Exercise description:
Retype the line where "面對捷克隊的攻勢,中國隊主教" appears and each line that follows it down to the last line of the records below. Leave the pictures out.

Collection entries:
>>

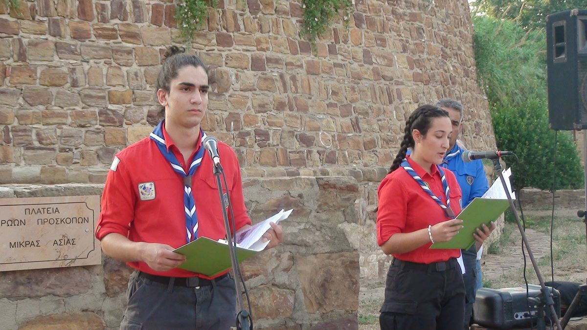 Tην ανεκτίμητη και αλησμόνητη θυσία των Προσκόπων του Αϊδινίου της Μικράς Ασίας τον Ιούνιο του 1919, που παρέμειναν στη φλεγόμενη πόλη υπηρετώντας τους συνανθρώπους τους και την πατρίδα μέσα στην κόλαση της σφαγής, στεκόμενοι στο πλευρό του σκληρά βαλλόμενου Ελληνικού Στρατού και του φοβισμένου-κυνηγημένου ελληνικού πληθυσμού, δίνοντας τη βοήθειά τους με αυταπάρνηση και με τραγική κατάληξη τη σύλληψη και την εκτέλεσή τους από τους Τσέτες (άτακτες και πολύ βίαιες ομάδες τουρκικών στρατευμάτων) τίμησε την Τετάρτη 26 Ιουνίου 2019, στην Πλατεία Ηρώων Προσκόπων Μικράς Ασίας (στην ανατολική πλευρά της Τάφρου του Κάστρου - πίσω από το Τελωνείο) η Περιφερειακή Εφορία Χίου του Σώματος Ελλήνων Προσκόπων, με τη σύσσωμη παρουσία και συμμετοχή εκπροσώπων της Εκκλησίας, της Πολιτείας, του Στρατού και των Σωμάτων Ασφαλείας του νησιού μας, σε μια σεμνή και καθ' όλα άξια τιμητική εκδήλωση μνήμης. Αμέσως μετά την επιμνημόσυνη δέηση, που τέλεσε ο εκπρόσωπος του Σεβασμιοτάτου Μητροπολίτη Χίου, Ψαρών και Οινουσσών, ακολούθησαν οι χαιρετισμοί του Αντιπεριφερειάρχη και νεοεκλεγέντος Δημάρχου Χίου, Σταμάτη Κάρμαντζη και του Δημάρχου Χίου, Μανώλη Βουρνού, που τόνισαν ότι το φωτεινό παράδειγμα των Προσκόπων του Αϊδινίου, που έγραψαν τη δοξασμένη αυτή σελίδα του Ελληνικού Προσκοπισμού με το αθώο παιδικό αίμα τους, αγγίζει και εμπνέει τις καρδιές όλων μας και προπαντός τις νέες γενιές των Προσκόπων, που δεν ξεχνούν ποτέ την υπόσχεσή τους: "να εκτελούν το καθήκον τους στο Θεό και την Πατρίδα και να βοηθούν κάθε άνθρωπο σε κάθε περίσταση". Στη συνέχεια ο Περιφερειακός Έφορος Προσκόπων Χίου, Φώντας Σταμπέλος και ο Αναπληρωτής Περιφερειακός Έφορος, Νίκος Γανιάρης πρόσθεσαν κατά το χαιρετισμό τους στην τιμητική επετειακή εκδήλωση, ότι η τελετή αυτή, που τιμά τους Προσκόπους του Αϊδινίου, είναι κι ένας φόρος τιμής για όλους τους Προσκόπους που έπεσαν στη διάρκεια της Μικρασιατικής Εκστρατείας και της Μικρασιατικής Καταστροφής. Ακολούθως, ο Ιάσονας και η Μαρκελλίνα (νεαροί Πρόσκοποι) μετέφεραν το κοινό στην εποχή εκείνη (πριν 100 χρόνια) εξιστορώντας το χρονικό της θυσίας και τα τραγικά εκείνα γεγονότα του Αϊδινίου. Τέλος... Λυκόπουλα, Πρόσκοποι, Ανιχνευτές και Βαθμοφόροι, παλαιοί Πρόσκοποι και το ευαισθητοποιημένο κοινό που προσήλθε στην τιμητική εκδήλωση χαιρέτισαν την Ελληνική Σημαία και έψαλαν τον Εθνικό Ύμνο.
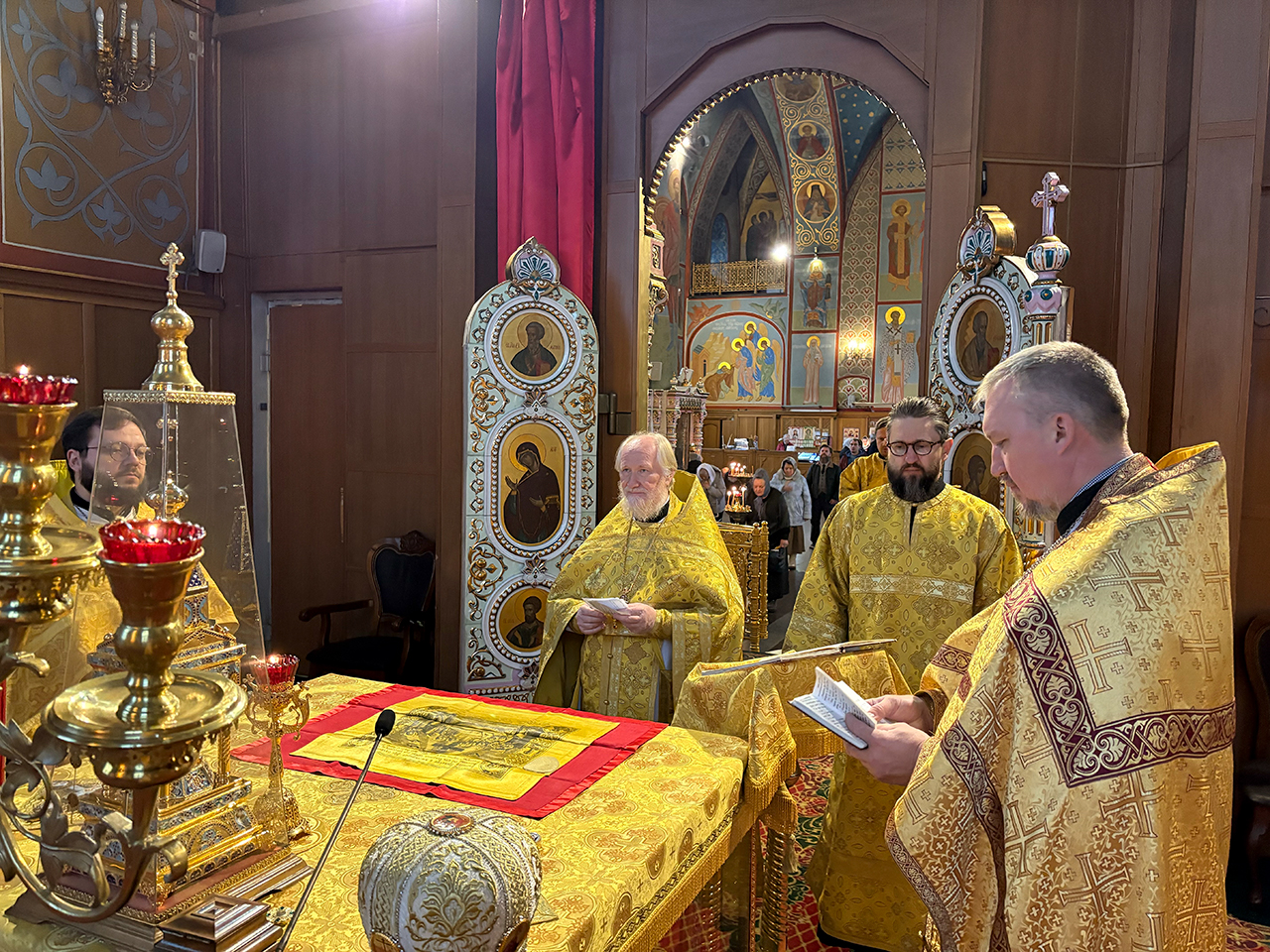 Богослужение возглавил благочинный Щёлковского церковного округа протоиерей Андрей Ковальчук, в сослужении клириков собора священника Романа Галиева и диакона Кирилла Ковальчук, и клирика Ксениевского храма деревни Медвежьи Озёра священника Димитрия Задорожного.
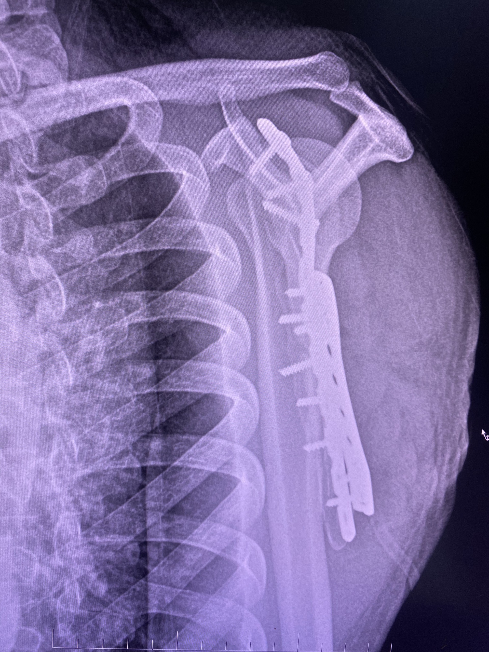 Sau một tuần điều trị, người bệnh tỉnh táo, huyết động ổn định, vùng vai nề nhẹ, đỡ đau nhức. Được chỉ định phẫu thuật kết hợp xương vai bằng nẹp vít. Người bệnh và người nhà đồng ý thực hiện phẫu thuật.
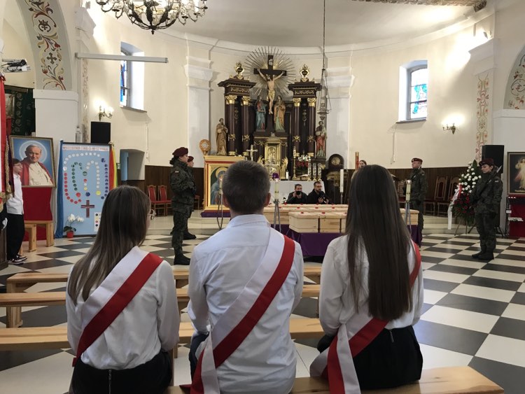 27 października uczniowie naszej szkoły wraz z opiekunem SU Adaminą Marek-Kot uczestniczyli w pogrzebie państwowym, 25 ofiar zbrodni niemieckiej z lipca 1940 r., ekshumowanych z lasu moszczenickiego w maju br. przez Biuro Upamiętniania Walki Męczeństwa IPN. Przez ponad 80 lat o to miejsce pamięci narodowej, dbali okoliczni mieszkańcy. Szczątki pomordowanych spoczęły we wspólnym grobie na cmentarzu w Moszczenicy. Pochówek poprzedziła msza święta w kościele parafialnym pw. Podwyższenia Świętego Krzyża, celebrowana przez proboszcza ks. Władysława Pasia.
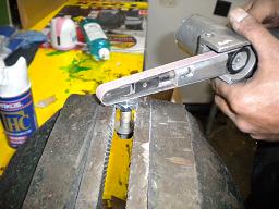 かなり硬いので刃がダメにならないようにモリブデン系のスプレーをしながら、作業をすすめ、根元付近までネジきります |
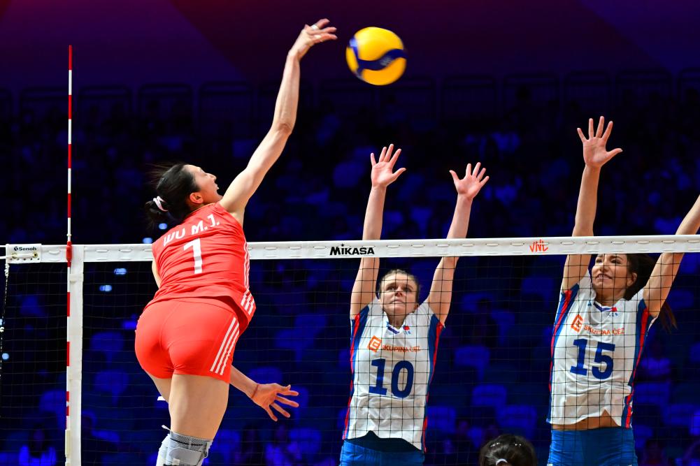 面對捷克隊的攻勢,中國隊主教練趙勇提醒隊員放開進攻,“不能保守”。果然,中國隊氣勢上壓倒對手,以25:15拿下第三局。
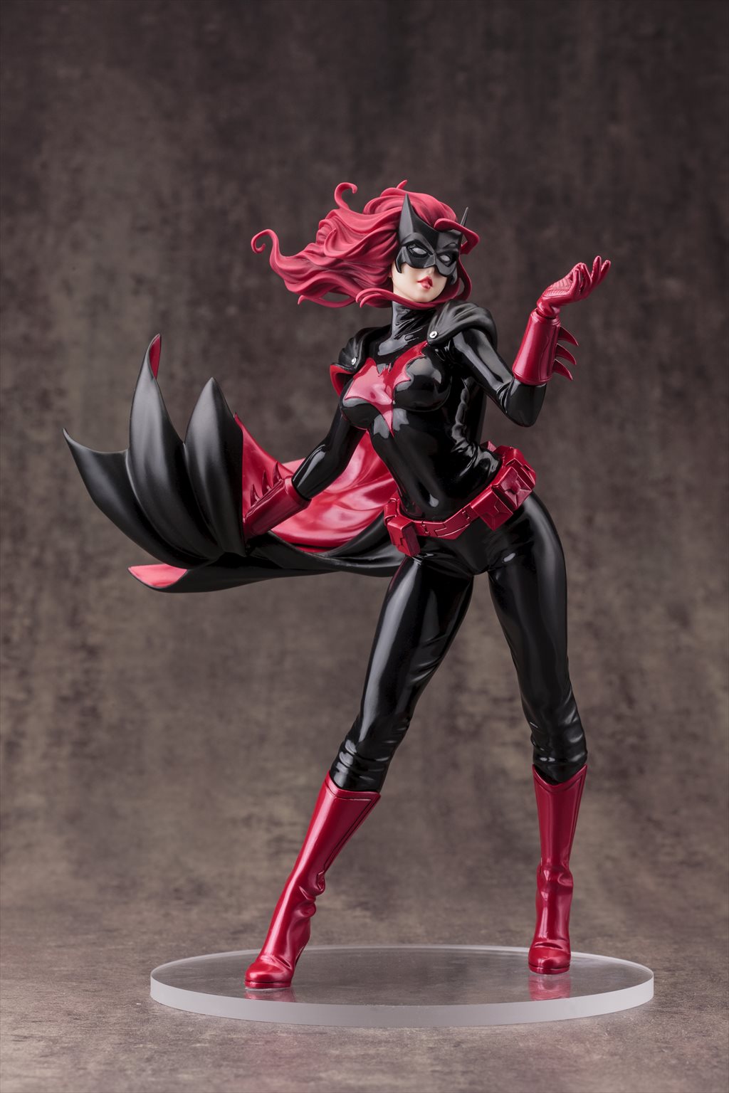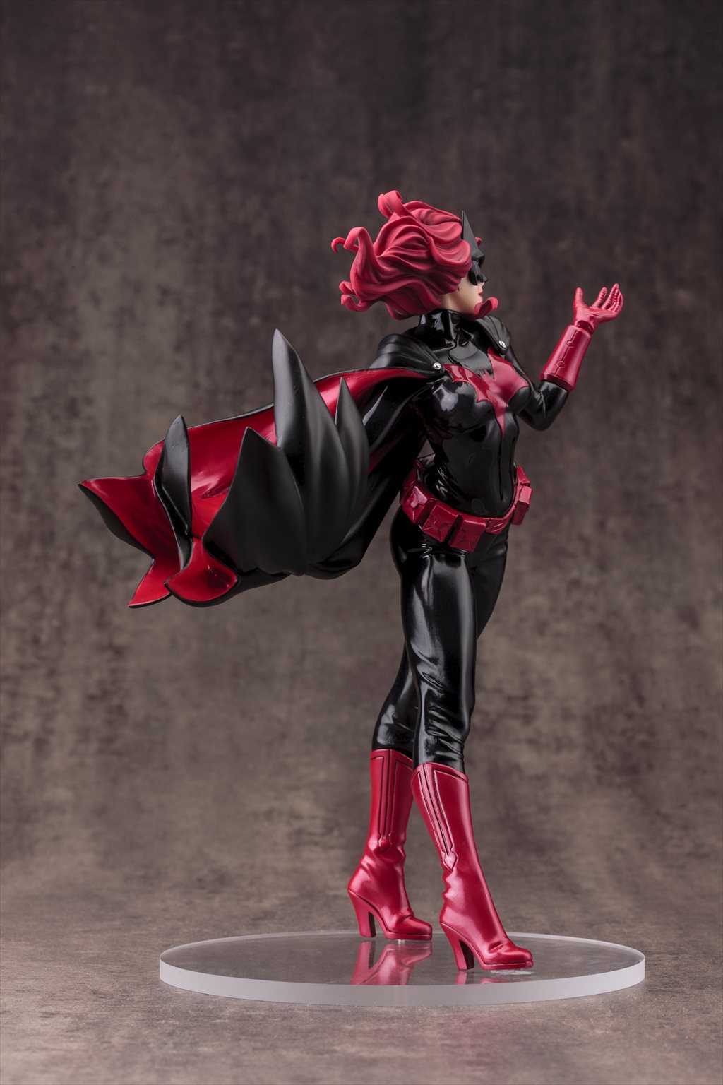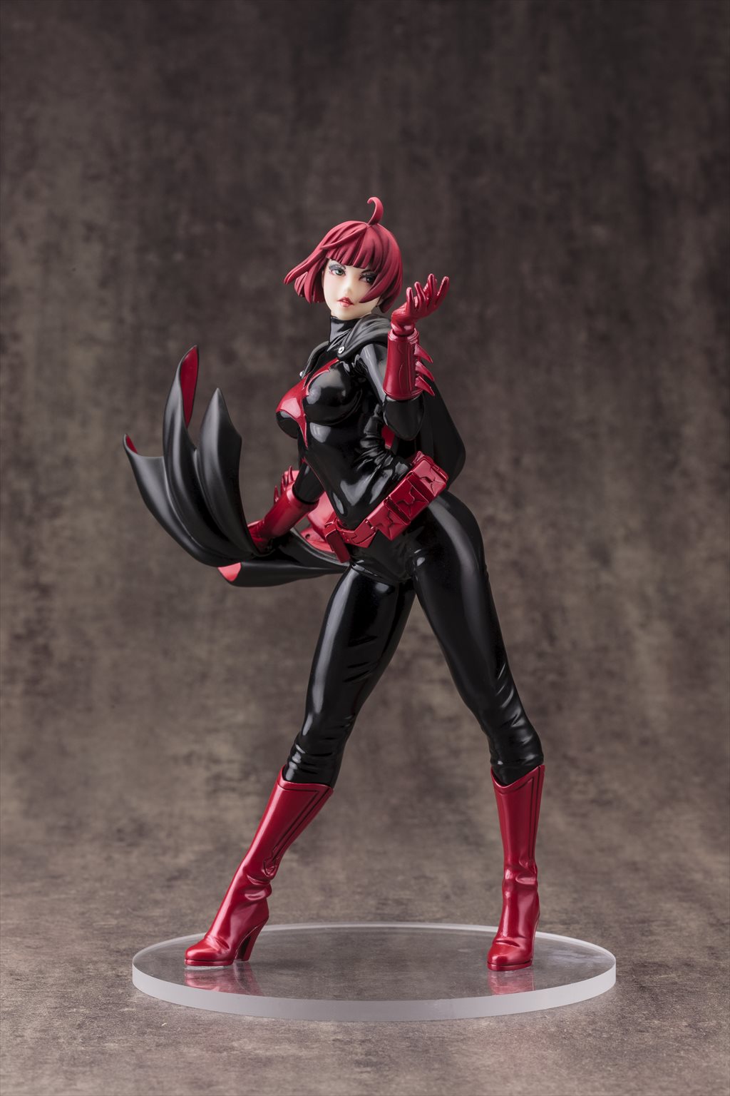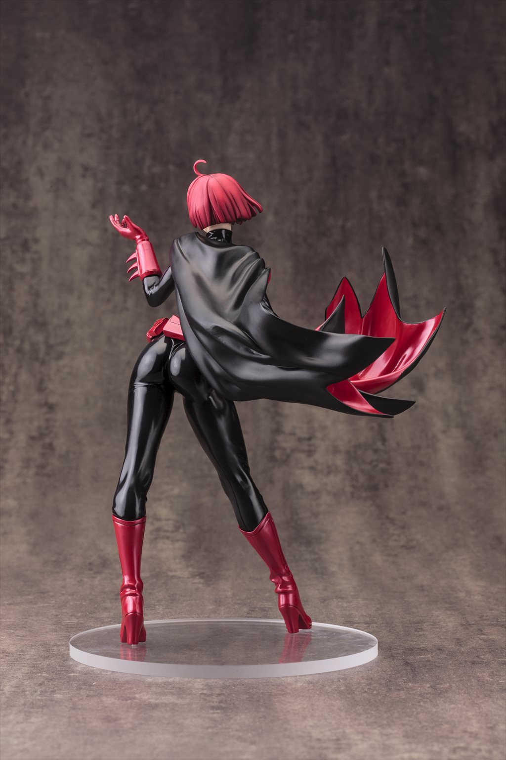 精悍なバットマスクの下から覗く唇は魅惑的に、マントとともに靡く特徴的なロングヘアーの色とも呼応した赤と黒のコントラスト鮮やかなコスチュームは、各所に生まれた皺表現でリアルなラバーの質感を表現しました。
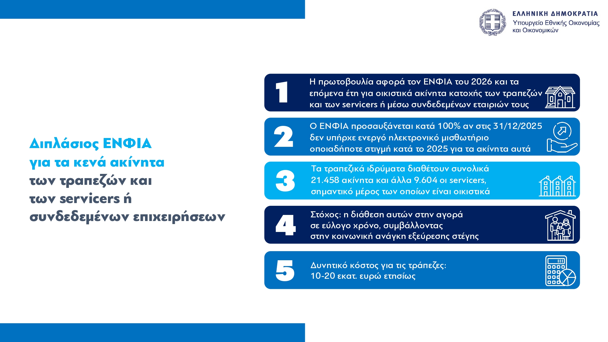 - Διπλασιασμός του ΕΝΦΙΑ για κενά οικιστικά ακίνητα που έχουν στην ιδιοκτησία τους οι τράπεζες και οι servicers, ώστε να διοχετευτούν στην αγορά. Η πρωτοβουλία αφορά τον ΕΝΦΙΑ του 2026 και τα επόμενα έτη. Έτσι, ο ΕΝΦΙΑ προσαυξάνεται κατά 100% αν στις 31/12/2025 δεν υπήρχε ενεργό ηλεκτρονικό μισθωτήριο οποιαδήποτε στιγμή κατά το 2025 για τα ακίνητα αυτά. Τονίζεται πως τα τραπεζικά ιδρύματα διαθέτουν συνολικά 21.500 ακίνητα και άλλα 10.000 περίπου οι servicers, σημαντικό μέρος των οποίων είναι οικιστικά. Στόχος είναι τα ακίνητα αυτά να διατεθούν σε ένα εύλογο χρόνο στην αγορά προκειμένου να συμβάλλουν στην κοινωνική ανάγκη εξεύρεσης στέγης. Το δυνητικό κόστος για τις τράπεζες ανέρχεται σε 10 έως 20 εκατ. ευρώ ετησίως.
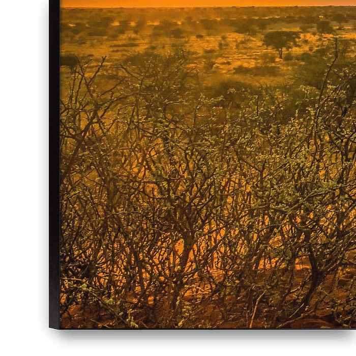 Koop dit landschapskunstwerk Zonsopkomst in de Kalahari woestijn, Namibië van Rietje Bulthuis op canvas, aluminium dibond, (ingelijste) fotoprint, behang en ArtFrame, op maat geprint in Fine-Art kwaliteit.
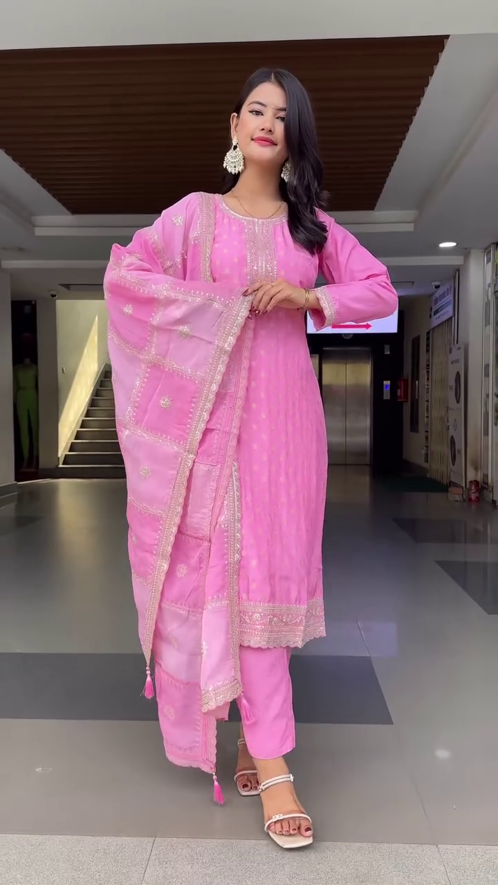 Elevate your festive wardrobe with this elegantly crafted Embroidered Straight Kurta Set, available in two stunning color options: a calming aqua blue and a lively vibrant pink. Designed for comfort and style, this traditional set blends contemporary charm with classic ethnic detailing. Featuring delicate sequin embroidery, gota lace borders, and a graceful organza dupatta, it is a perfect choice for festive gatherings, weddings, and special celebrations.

<<

Exercise response:
 面對捷克隊的攻勢,中國隊主教練趙勇提醒隊員放開進攻,“不能保守”。果然,中國隊氣勢上壓倒對手,以25:15拿下第三局。
 精悍なバットマスクの下から覗く唇は魅惑的に、マントとともに靡く特徴的なロングヘアーの色とも呼応した赤と黒のコントラスト鮮やかなコスチュームは、各所に生まれた皺表現でリアルなラバーの質感を表現しました。
 - Διπλασιασμός του ΕΝΦΙΑ για κενά οικιστικά ακίνητα που έχουν στην ιδιοκτησία τους οι τράπεζες και οι servicers, ώστε να διοχετευτούν στην αγορά. Η πρωτοβουλία αφορά τον ΕΝΦΙΑ του 2026 και τα επόμενα έτη. Έτσι, ο ΕΝΦΙΑ προσαυξάνεται κατά 100% αν στις 31/12/2025 δεν υπήρχε ενεργό ηλεκτρονικό μισθωτήριο οποιαδήποτε στιγμή κατά το 2025 για τα ακίνητα αυτά. Τονίζεται πως τα τραπεζικά ιδρύματα διαθέτουν συνολικά 21.500 ακίνητα και άλλα 10.000 περίπου οι servicers, σημαντικό μέρος των οποίων είναι οικιστικά. Στόχος είναι τα ακίνητα αυτά να διατεθούν σε ένα εύλογο χρόνο στην αγορά προκειμένου να συμβάλλουν στην κοινωνική ανάγκη εξεύρεσης στέγης. Το δυνητικό κόστος για τις τράπεζες ανέρχεται σε 10 έως 20 εκατ. ευρώ ετησίως.
 Koop dit landschapskunstwerk Zonsopkomst in de Kalahari woestijn, Namibië van Rietje Bulthuis op canvas, aluminium dibond, (ingelijste) fotoprint, behang en ArtFrame, op maat geprint in Fine-Art kwaliteit.
 Elevate your festive wardrobe with this elegantly crafted Embroidered Straight Kurta Set, available in two stunning color options: a calming aqua blue and a lively vibrant pink. Designed for comfort and style, this traditional set blends contemporary charm with classic ethnic detailing. Featuring delicate sequin embroidery, gota lace borders, and a graceful organza dupatta, it is a perfect choice for festive gatherings, weddings, and special celebrations.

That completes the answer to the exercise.